During the crisis over the last two and a half years, thousands of APS staff have been redeployed to meet urgent needs. To process JobSeeker claims, more than 2,000 staff, including museum curators and COMCAR drivers, were seconded to Services Australia, trained, and put to work.
As one COMCAR driver observed during this extraordinary effort, “It’s nice to know that every claim we finalise means [helping] someone in hardship.”
There is no better example of ‘all hands on deck’.
In fact, in the 2020 APS Census, nearly half the respondents reported shifting priorities to work directly on COVID-19 at some point during the year.
Suddenly new policies, new forms of service delivery, were required. This was achieved with impressive speed, thanks to collective commitment and much fine leadership across the APS.
Of course, the COVID response was much more than a Commonwealth effort. The national mobilisation relied heavily on the political leadership, and dedicated public services, of the states and territories.
Together jurisdictions pursued genuine innovation – Telehealth, digital vaccine certificates, huge vaccination centres and programs.
Even the failures – remember the CovidSafe app? – helped the public sector keep learning, helped us to see what didn’t work and calibrate change.
Throughout the response, the APS drew on its deep reserves of expertise.
From DFAT operations using Pacific networks to distribute vaccines across the region, to the National Indigenous Australians Agency deploying their local knowledge and links to keep remote communities safe, the COVID response highlights the depth of the APS.
No doubt at moments the task seemed overwhelming — a tiny vessel on a vast sea of uncertainty.
Yet, as Oakeshott would put it, we used our resources to make a friend of this hostile occasion.
We see the results in the recent independent review into Australia’s COVID-19 Response, chaired by Dr Peter Shergold.
Along with some constructive advice, that review found Australian governments got “many of the big calls right”.
Review, evaluation, reflection – all essential elements of good stewardship, whether or not a policy worked.
The Shergold findings will help shape a longer-term pandemic strategy. And as long as the virus threatens there is more to study, practices to change, better preparations to begin.
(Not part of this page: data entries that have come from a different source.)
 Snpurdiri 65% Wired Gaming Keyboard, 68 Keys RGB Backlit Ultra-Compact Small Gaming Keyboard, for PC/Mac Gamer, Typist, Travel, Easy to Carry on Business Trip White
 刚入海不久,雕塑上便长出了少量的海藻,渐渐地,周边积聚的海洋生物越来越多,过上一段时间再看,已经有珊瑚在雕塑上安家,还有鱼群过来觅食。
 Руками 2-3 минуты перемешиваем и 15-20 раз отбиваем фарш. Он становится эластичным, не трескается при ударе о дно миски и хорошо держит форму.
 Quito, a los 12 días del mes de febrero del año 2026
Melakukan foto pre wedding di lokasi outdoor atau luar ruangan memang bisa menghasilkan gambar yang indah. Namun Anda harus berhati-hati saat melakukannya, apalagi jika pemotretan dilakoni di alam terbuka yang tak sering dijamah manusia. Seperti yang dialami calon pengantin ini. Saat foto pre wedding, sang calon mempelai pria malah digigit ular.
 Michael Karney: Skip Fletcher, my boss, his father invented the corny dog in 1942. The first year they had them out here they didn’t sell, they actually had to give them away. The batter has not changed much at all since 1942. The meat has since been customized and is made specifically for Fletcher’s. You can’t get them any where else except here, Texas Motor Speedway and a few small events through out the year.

The goal is not perfection, but building on what we learned to stay safely afloat.
Like COVID, the next big storm will likely arrive unbidden and unwelcome.
It will be, again, a world of known unknowns and worse, struggle and strife on the high seas, times when, like the Ancient Mariner, we find ourselves disoriented at the mercy of an unforgiving ocean.
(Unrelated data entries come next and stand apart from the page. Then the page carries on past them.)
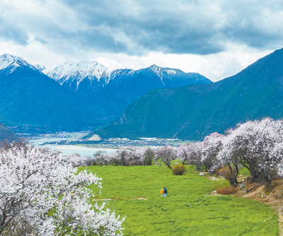 4月4日,西藏自治區林芝市米林市索松村的桃花景色。
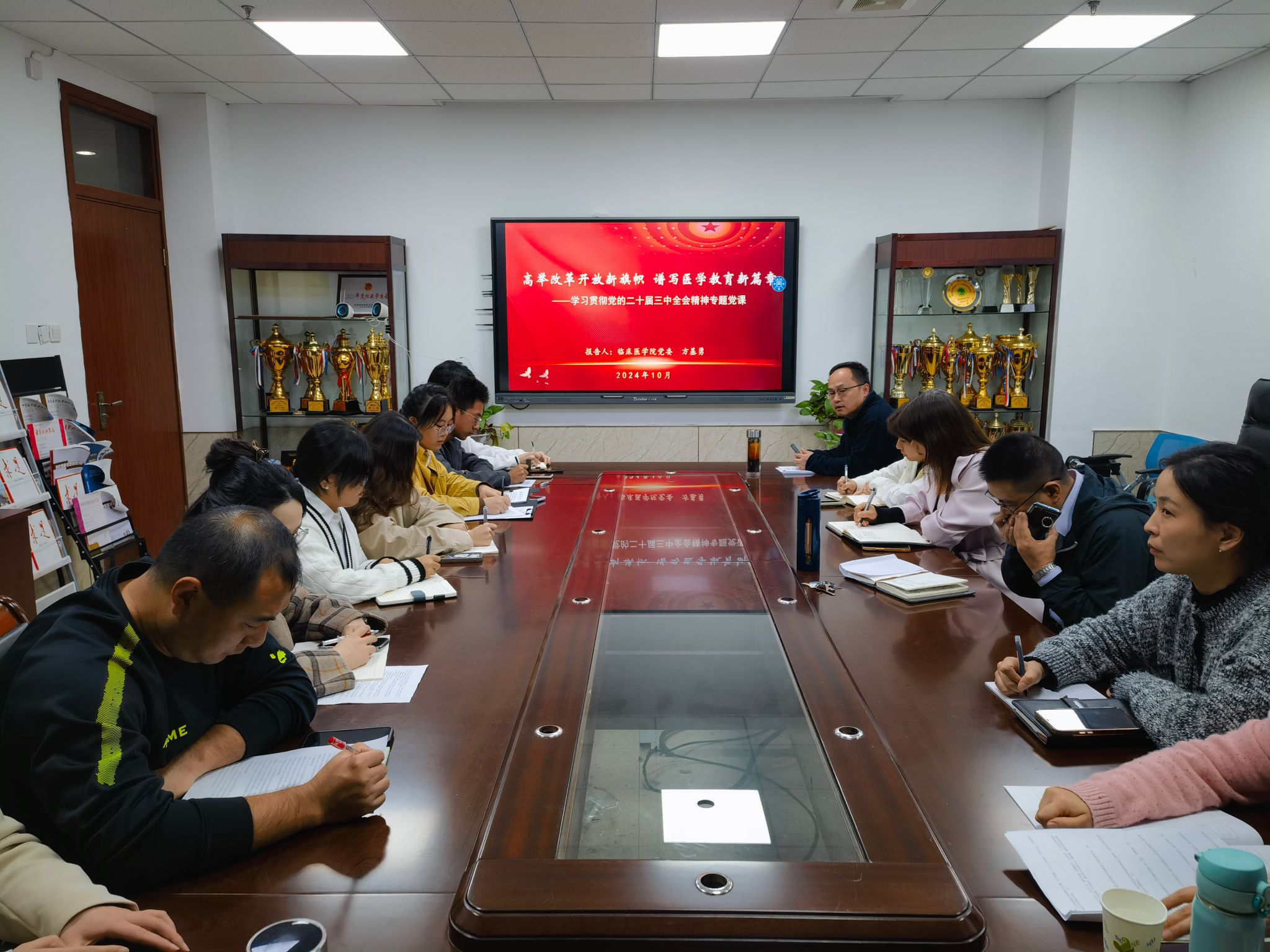 一堂主题党课。方基勇作题为《高举改革开放新旗帜 谱写医学教育新篇章》的专题党课,阐释了党的二十届三中全会的重大意义和主题。他围绕“为何改、向哪改、怎么改”三个方面,深入解读全面深化改革在推进中国式现代化发展中的重要作用,并结合如何推进公司事业发展进行了讲解分析。
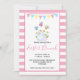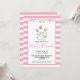 En påsk brunch-inbjudan på en rosa strimlade mönster med ett vitt ram överst. En buntbanderoll sträcker sig över toppen. En illustration av en bunny mellan mamma och baby. Nya daisy i bakgrunden under våren. Vissa vismliknande fjärilar flödar över.

Staying afloat requires the direction of those elected to lead and the quiet work of maintenance and storage, of ensuring we have the skills on board and materials needed for our endless voyage.
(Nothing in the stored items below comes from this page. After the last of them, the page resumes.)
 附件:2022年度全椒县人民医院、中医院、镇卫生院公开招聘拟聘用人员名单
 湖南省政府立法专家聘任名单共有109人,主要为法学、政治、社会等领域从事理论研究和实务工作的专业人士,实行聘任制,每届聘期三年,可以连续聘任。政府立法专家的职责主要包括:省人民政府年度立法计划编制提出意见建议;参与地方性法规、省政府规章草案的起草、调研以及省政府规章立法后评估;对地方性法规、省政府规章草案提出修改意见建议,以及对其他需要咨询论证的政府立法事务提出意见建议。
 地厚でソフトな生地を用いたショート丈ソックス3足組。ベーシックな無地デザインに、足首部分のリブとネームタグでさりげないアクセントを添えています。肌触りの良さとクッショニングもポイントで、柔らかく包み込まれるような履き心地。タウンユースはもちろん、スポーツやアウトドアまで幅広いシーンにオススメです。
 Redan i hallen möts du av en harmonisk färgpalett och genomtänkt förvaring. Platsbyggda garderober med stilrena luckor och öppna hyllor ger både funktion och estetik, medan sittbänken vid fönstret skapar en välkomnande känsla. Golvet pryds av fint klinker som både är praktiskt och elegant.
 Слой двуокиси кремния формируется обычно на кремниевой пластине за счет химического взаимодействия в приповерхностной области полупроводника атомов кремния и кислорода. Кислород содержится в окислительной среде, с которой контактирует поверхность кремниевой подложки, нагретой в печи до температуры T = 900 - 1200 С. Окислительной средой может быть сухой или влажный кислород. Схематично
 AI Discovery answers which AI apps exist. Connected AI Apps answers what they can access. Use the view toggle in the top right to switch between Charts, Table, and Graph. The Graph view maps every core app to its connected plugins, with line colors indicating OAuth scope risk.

Through 2022 the APS demonstrated it can deploy skilled hands in the right places at the right times.
We have demonstrated that if we plan, work together, and apply what we learn, we can make an enemy sea our friend.
We have been reminded why stewardship should be a core value of the APS reform project, an essential element of capability, an enduring responsibility.
As public servants we work with elected officials as stewards of this vessel. Our shared duty is to keep the ship of state seaworthy for this moment, and for those who follow.
For as Genevieve Bell said in her Garran Oration, “our ideas will always end up in someone else’s hands and, when they do, we need to hope we gave them enough grace and shape to hold the future.”